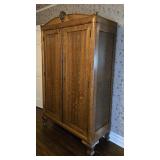 Early 20th-Century Oak Wardrobe on Casters
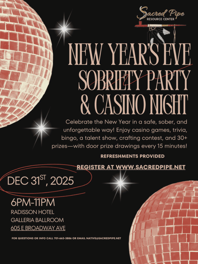 Sacred Pipe Resource Center 925 Basin Ave Suite 2, Bismarck, ND, United StatesRegister for the Event here! https://www.sacredpipe.net/new-years-eve-party/ Or email us at native@sacredpipe.net
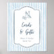 Nyckfulla Blå Randiga Kort & Bröllopsskylt för Brö Poster

Aim of the exercise
Every line above gets copied exactly; none of the pictures do.

Reply to the task
 Early 20th-Century Oak Wardrobe on Casters
 Sacred Pipe Resource Center 925 Basin Ave Suite 2, Bismarck, ND, United StatesRegister for the Event here! https://www.sacredpipe.net/new-years-eve-party/ Or email us at native@sacredpipe.net
 Nyckfulla Blå Randiga Kort & Bröllopsskylt för Brö Poster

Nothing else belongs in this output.